Add zero-shot CoT triggers to prompts involving: multi-step arithmetic, logical deductions with multiple conditions, problems where the answer requires eliminating wrong options, and any task where you notice the model giving confident but incorrect quick answers. For creative tasks, summarisation, and simple factual recall, CoT triggers add latency without quality benefit.
Practice questions
- You need a model to classify customer emails into 10 categories. You have no labelled examples. Should you use zero-shot or fine-tuning? (Answer: Start with zero-shot prompting using a clear system prompt listing the 10 categories with brief descriptions. Measure accuracy on a sample. If accuracy exceeds 85%, deploy. If lower, collect 50–100 labelled examples for few-shot prompting or LoRA fine-tuning. Zero-shot with GPT-4 or Claude often achieves 80–90% on classification tasks, making fine-tuning unnecessary.)
- What is the zero-shot chain-of-thought technique and why does 'Let's think step by step' work? (Answer: Appending 'Let's think step by step' to a zero-shot prompt triggers the model to generate intermediate reasoning before the final answer. This works because the model has seen this phrase in countless reasoning contexts during pretraining — it's a learned cue that activates the reasoning circuits. Improves accuracy by 20–40% on multi-step problems by letting the model decompose complexity rather than answering in one shot.)

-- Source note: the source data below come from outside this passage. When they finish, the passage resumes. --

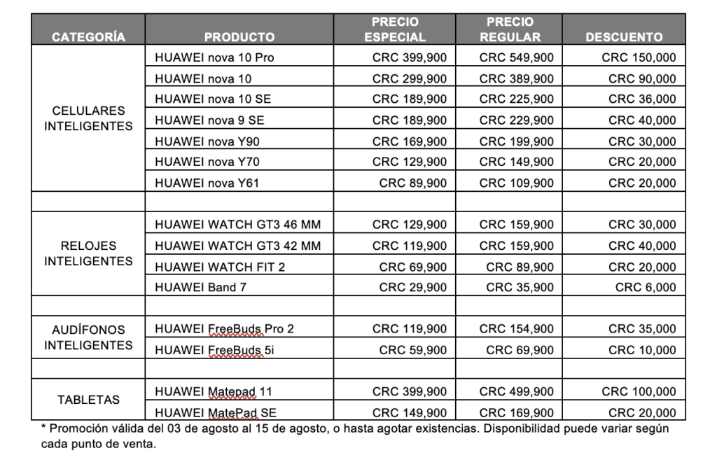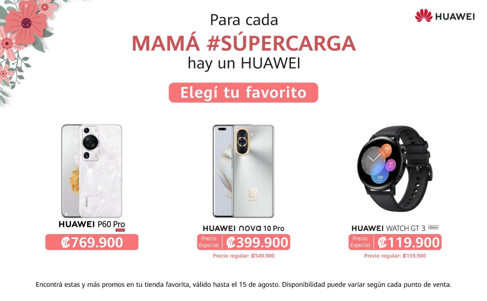 Además del P60 Pro, Huawei ofrece productos seleccionados, perfectos para regalar. Hasta el 15 de agosto, aproveche las variadas promociones de precios y planes especiales o regalías. La disponibilidad de la promoción puede variar en cada punto de venta. Visite tiendas Huawei, cadenas de electrodomésticos, kölbi y Claro y aproveche.
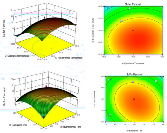 Analyzing Figure 3 further reveals that the contours formed between the hydrothermal temperature (A) and calcination temperature (C) are elliptical, but with small curvature. On the other hand, the contours between hydrothermal time (B) and calcination time (D) also appear elliptical, but with a larger curvature. This indicates that the interaction between hydrothermal temperature (A) and calcination temperature (C) is not significant, while the interaction between hydrothermal time (B) and calcination time (D) is pronounced. Hydrothermal temperature (A) and calcination temperature (C) can be considered independent of each other, without needing to account for their mutual influence. However, when dealing with the time conditions, attention should be given to the interaction between hydrothermal time (B) and calcination time (D), as it has a noticeable impact. Since the influence of hydrothermal time (B) on the desulfurization rate is relatively low, greater emphasis should be placed on considering the influence of calcination time (D) when determining the optimal preparation time conditions.
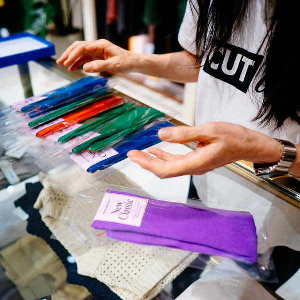 サステナビリティへの意識が高く、テキスタイルは常にデッドストックの生地を使用しています。ニット製品はすべて手作業です。
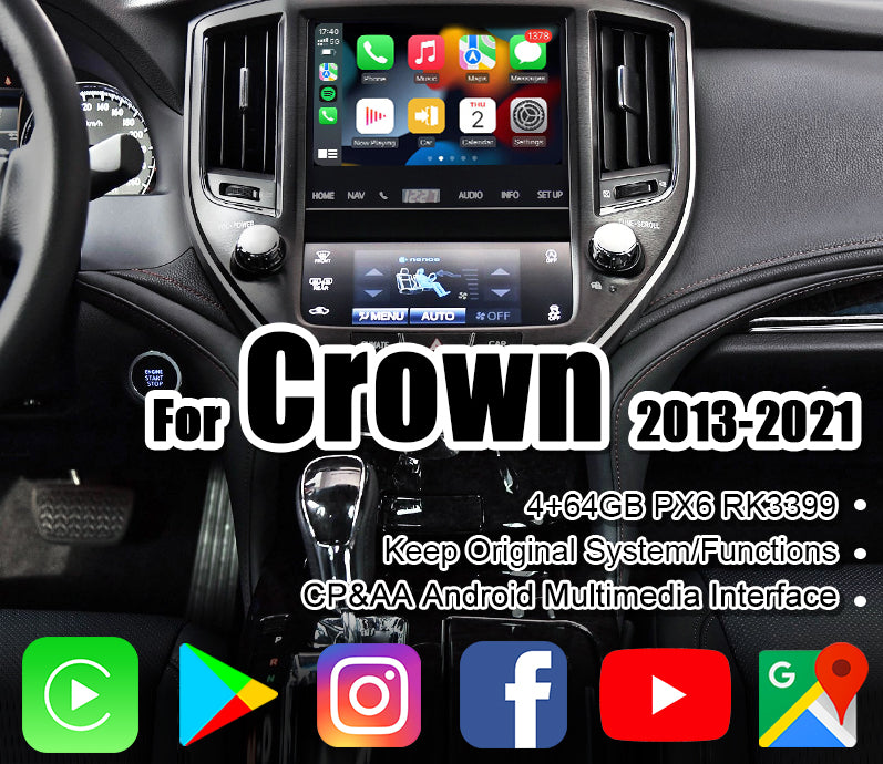 Carputech Wireless Apple Carplay / Android Video interface Module for Toyota Crown 2013-2021 AWS210 215 204 with YT, NF,Google play LX570 GX460
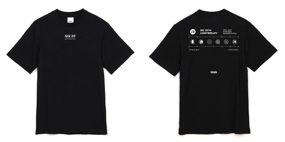 T恤的圖案從QQ20周年logo圖形中延展設(shè)計出各類代表圖形,正面簡潔直接地顯示出本次主題,把醒目的圖形放置于T恤背后,利用坐標(biāo)軸和經(jīng)緯度的信息圖案配合各個抽象化的宇宙元素,增加T恤設(shè)計的科技感,更明確地展現(xiàn)了科技向善的愿景。
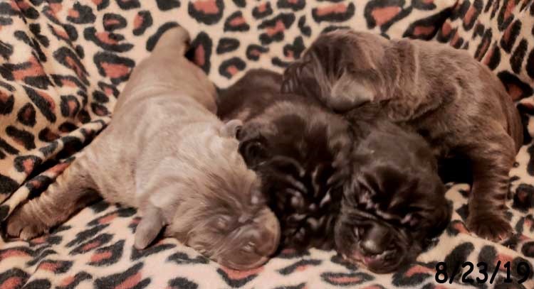 On a more exciting note, our Gina has chimed in to add her pups to our nursery. They were born on 8/15 and are adjusting (and growing) great! Here’s a quick photo of Gina’s boys … awww! You can see more pups (and almost smell the puppy breath
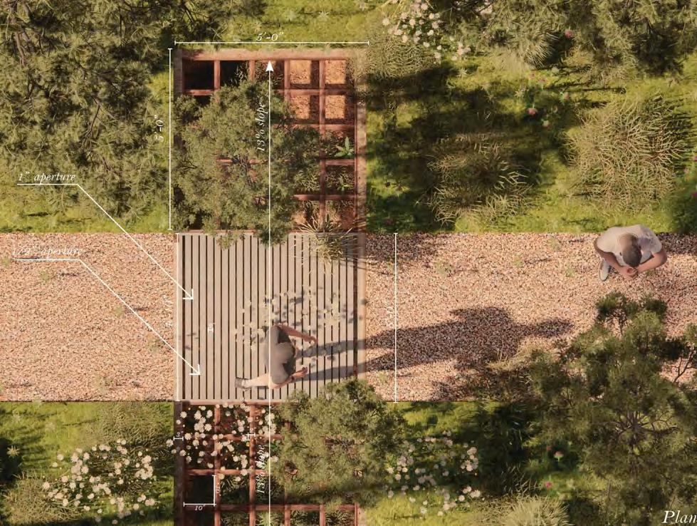 Strategic extensions of campsite grade create curated viewing rooms Seatwalls call back to terraced effect of pathing while also responding to existing topography Paths create small terraces that create brief moments of prospect Dense plantings of needle palm conceal space 0.5’ 4’ 1/4 in Campsite footprint Campsite footprint Winged sumac Path Path Rhus copalliunum Needle Palm Rhaphidophyllum hystrix Post Oak Quercus stellata 0.5’ 2’ 1/4 in ft Campsite footprint Winged sumac Gathering site footprint Descent corresponds with increased enclosure and privacy Path Path Rhus copalliunum Little Bluestem Schizachyrium scoparium Needle Palm Rhaphidophyllum hystrix Post Oak Quercus stellata Longleaf Pine Pinus palustris Ascent corresponds with decreased enclosure and privacy Low branching and dense habit of post oak and sumac create intimate enclosure High. thin canopy of pines subtly suggests enclosure Bluestem creates sense of movement which aids in defining gathering space 16 cultivating attunements: tuskegee national forest A' A B' B

- Zero-shot prompting with GPT-4 achieves 82% on a task. A fine-tuned 7B model achieves 91%. Which should you use? (Answer: It depends on cost, latency, and maintenance. GPT-4 zero-shot: higher cost per query, no training effort, easy to update prompts, latency from API calls. Fine-tuned 7B: lower inference cost (self-hosted), requires training infrastructure, harder to update as task evolves. For high-volume production: 7B fine-tuned likely preferred. For low-volume or rapidly evolving tasks: GPT-4 zero-shot.)
- What is prompt sensitivity in zero-shot prompting and why is it a concern? (Answer: Prompt sensitivity: small changes in phrasing cause large changes in model output. 'Classify this as positive/negative' may give 85% accuracy; 'Determine the sentiment of this text' may give 78%. This makes zero-shot systems brittle — deployment may degrade if prompts are modified without testing. Mitigation: test multiple prompt variants, use prompt ensembling (majority vote across N phrasings), or fine-tune for consistent behaviour.)
- What is the difference between zero-shot and zero-shot-CoT prompting on a maths problem? (Answer: Zero-shot: ask the question directly ('What is 15% of 240?') → model answers immediately, often incorrectly for multi-step problems. Zero-shot-CoT: ask ('What is 15% of 240? Let's think step by step.') → model generates '10% of 240 = 24. 5% = 12. 15% = 24 + 12 = 36.' then answers 36. The reasoning trace lets the model use scratchpad computation, dramatically improving accuracy on problems requiring multiple steps.)